OK, I know this sounds ungrateful. But hold off on the banana bread. Sick people rarely have a sweet tooth and the caregiver rarely can eat all those banana breads.
The week Bette got home from Mass General Hospital, people kept stopping by the house and leaving banana bread. We must have had nine loaves by the end of the week, and three big plates of brownies. It seemed like the banana breads were reproducing. Every morning there would be more. I came down to the kitchen, made coffee, and pondered, “What should I do with the banana bread?”
I started freezing it. But then there was no room in the freezer for real food.
Clearly stressed about the multiplying banana breads and feeling guilty about throwing kind intentions into the trash, I asked one of my mother’s friends, “Why are people giving us so much banana bread?”
“It’s so that you have something on hand to give people when people visit,” she explained.
“But Bette is too sick for visitors. I’m the only one here.”
“Oh.”
After people die, there are a lot of people around who need to be fed. While people are dying at home and not wanting any visitors, there’s not much need for banana bread.
A better option would be to ask the caregiver what food, from what local stores would be appreciated. Really, it’s OK to ask. During these days with my mother, the last thing I want to do is to grocery shop and cook. But I need to make sure she eats, and I’m always hungry.
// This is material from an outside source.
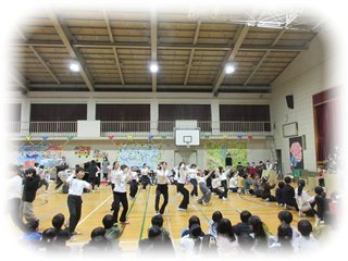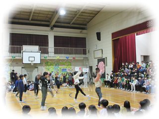 クイズの答えを考える間は、流れる音楽に合わせて3年生がダンスを踊ります。

To be able to have the squash and steak tips from a favorite restaurant is heaven. Better yet, put us on a steady diet of deliveries from the local caterer. Even better, instead of saying, “Let me know how I can help,” offer to organize friends to drop off home cooked meals on a schedule.
The ill person needs to eat to keep some strength and be able to tolerate medications; the caregiver needs to eat to stay healthy to be able to care.
Just not banana bread.
caregiver lesson #4
tell all those generous friends and neighbors what kind of food you would appreciate. otherwise, beware the banana bread bombardment.
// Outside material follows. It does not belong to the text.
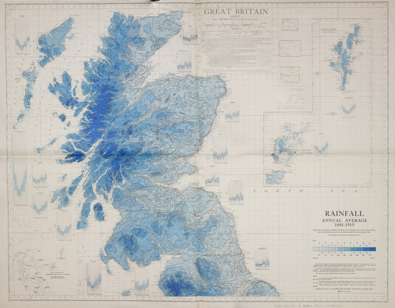 The Royal Meteorological Society’s participation in the International Health Exhibition of 1884 reaffirmed the understanding of the interrelation of health and weather. Besides weather forecasting, the Society set up 82 climatological stations, as shown in this chart, in order to to understand the health implications of different weather conditions, including moisture levels in English seaside towns. The Society also encouraged public participation by displaying a model of a climatological station on the Exhibition’s grounds for “those desirous of organising a station”.

boo boo's mother-in-law's next-door neighbor's cousin had cancer too
From Nancy Kelly
When it came time to spread the news of my mother's illness to my co-workers and friends, I wasn't sure what to say, and how to say it, and didn't want the spotlight on me.
I shouldn't have been concerned. Everyone knows someone who knows someone who had cancer or some other terminal illness.
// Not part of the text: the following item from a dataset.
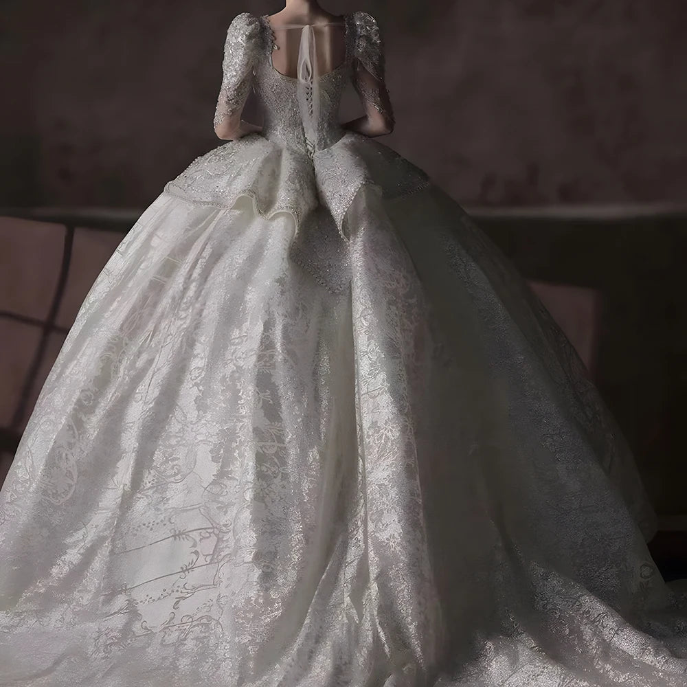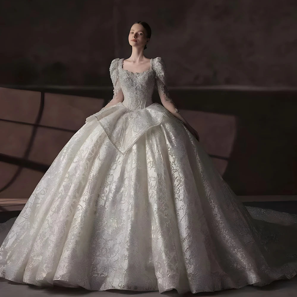 Luxury International Ball Gown Wedding Dress Square Collar Backless

You share your news and people say, "You know, Boo Boo's mother-in-law's next door neighbor's cousin had lung cancer and went to a hospital and was wicked sick so she got chemotherapy that made her bald, then died, and her daughter was wicked exhausted so be careful and make sure you take care of yourself."
This was not easy to hear. I didn't care about Boo Boo. Still don't. Never will.
One person listened to me – and listened hard. Then kind words of advice followed and I think of them when I sit quietly with my mother. "Ask your mother questions. Find out as much as you can about her. Ask what her life has been like."
Everyone's story and experience is different. Listen. Don't talk.
That’s what people on the front lines need the most.
caregiver lesson #5
avoid the chatty cathy know-it-alls; seek out those who will simply listen with you for a while.
tea but no sympathy
Getting the news that someone you love has an incurable disease is like being shot into a bizarre parallel universe. First you keep trying to make sense of it all. How could it be the world I knew no longer exists? What will life be without the person I love so much?
Just as you’re trying to make sense of this new life that you never intended and never wanted, you get slammed by well-intentioned people smothering you and your loved one with platitudes.
(The definition of platitude is “a pointless, unoriginal or empty comment or statement made as though it were significant or helpful.”)
“I can deal with the cancer,” said Bette, “but PLEASE spare me the sympathy. I can’t stand it when people give me these pitying looks, and tell me things like ‘I know how you must feel. But you have to be strong and hopeful. Sometimes people live much longer than the doctors ever expect.’ I’m OK with dying, why can’t they be?”